__Work order__: After locating the line with "a large middle" in the entries below, output it and each following line up to and including the line with "صُمّم **حامل القرآن", exactly and without pictures.

------------------------------

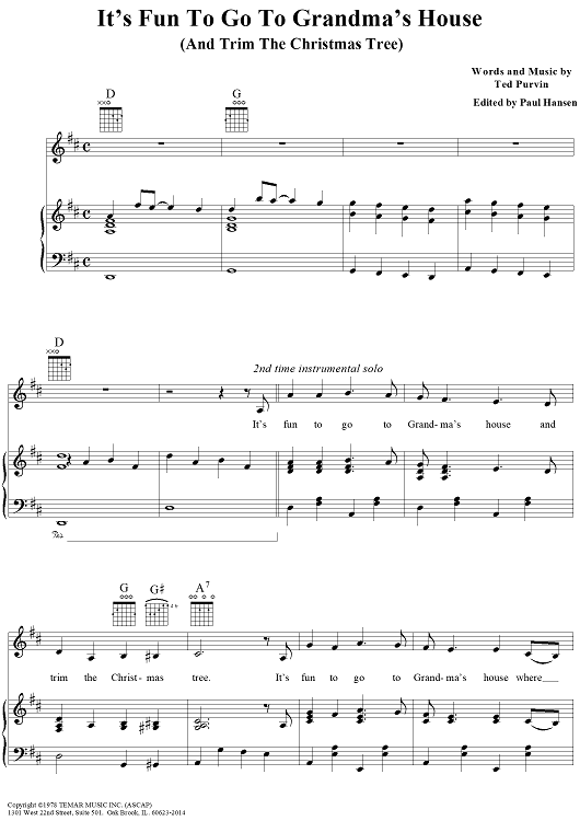 Digital Sheet Music for It's Fun To Go To Grandma's House (And Trim The Christmas Tree) by Ted Purvin, Bobby Bare, Grandma's Little Angels scored for Piano/Vocal/Chords; id:95951
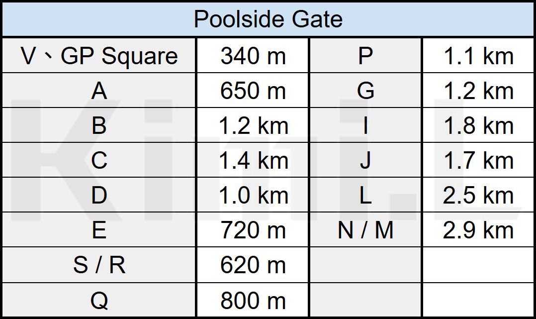 賽道入口 – 大部分觀眾會從 Main Gate 與 First Corner Gate 入場,請留意動線。
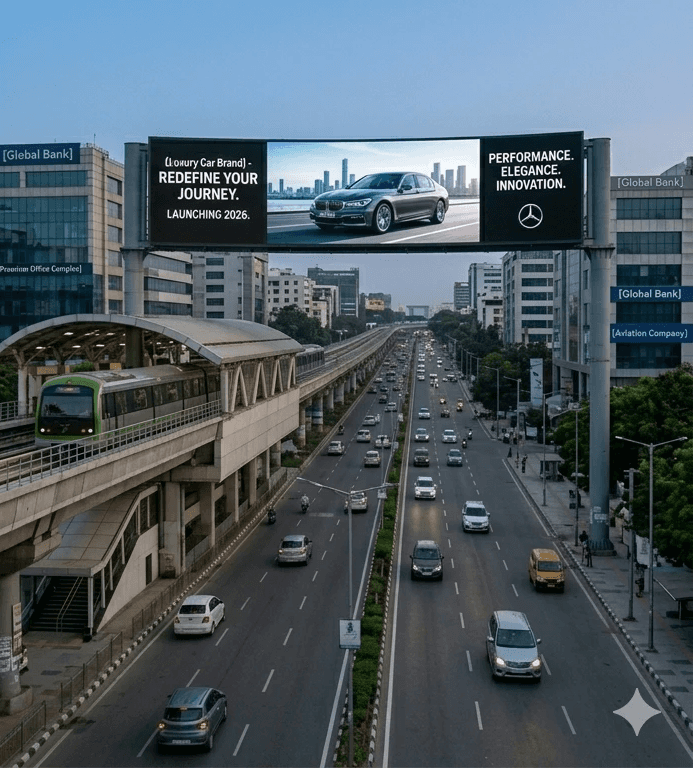 Digital billboards elevate outdoor advertising with dynamic, high-visibility displays that capture attention at scale across major roads and highways. At Brandcaster, we utilize strategically placed billboards to showcase your brand with impactful visuals, ensuring maximum exposure, continuous visibility, and strong brand recall among a wide audience.
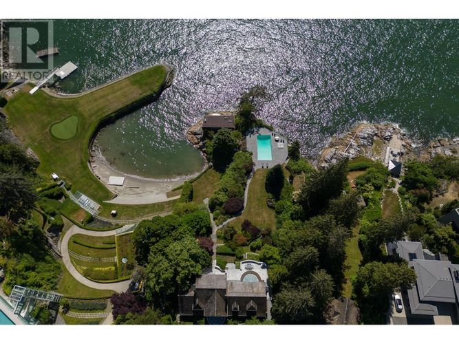 WEST VANCOUVER'S FINEST WATERFRONT ESTATE is situated on a level 1.58 acre S/W facing low bank private property with over 300 ft of oceanfront and private sheltered sandy beach in a setting that is simply magical! The main home offers approx. 8000 sq/ft of living in addition to a 2 bedroom coach house and private beachside studio. Huge primary rooms with wide open kitchen, family, living, and dining areas all open to the terraced patios flowing out to the sprawling lawns and tranquil gardens connecting to the stunning poolside setting on your private peninsula of property. The traditional grand floor plan features 6 bedrooms, 8 baths, a stunning master suite with glorious balconies overlooking the expansive estate, and close-in island views that go forever! One-of-a-kind World Class Dream!
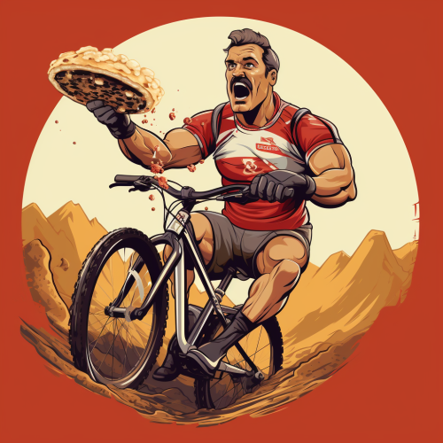 a large middle aged austrialian rugby player on a mountain bike. He has one hand on the handlebars, and the other holding a meat pie. Vector graphic style
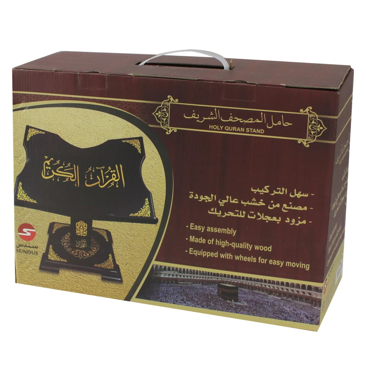 صُمّم **حامل القرآن الكريم مع نقوش إسلامية** خصيصًا لتوفير الراحة أثناء التلاوة في وضعية الجلوس على الأرض. يتميز بنقوش ذهبية إسلامية جميلة تمنحه مظهرًا أنيقًا، بالإضافة إلى تصميمه العملي الذي يجمع بين المتانة والخفة. مناسب للاستخدام في المنازل أو المساجد، ويمكّن المستخدم من نقله بسهولة بفضل العجلات المزودة.
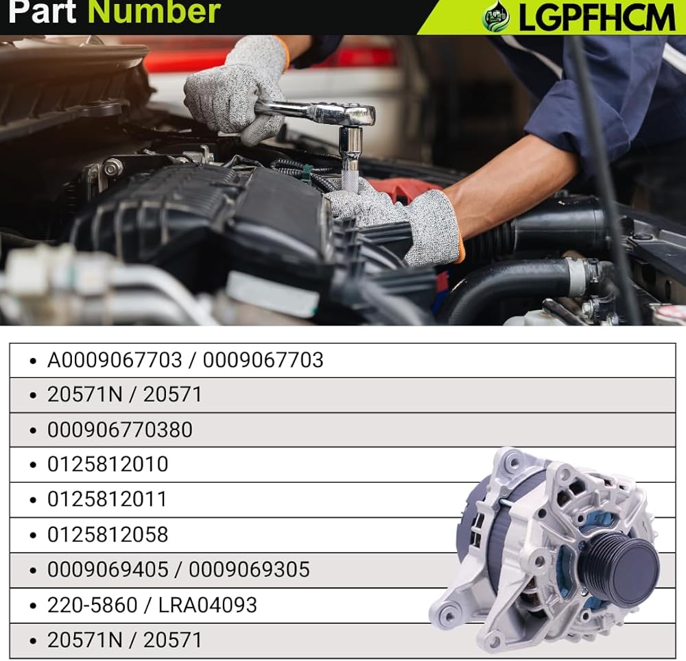 12V 190A A0009067703 Alternator for Mercedes-Benz C300 W205 2015-2018 For GLC300 C253 2016-2019 For GLC350e 2020 For Metris SC6 pulley 2018-2021 For Metris 2021 CW 4-Groove #0125812011 0125812058

------------------------------

__Completed exercise__:
 a large middle aged austrialian rugby player on a mountain bike. He has one hand on the handlebars, and the other holding a meat pie. Vector graphic style
 صُمّم **حامل القرآن الكريم مع نقوش إسلامية** خصيصًا لتوفير الراحة أثناء التلاوة في وضعية الجلوس على الأرض. يتميز بنقوش ذهبية إسلامية جميلة تمنحه مظهرًا أنيقًا، بالإضافة إلى تصميمه العملي الذي يجمع بين المتانة والخفة. مناسب للاستخدام في المنازل أو المساجد، ويمكّن المستخدم من نقله بسهولة بفضل العجلات المزودة.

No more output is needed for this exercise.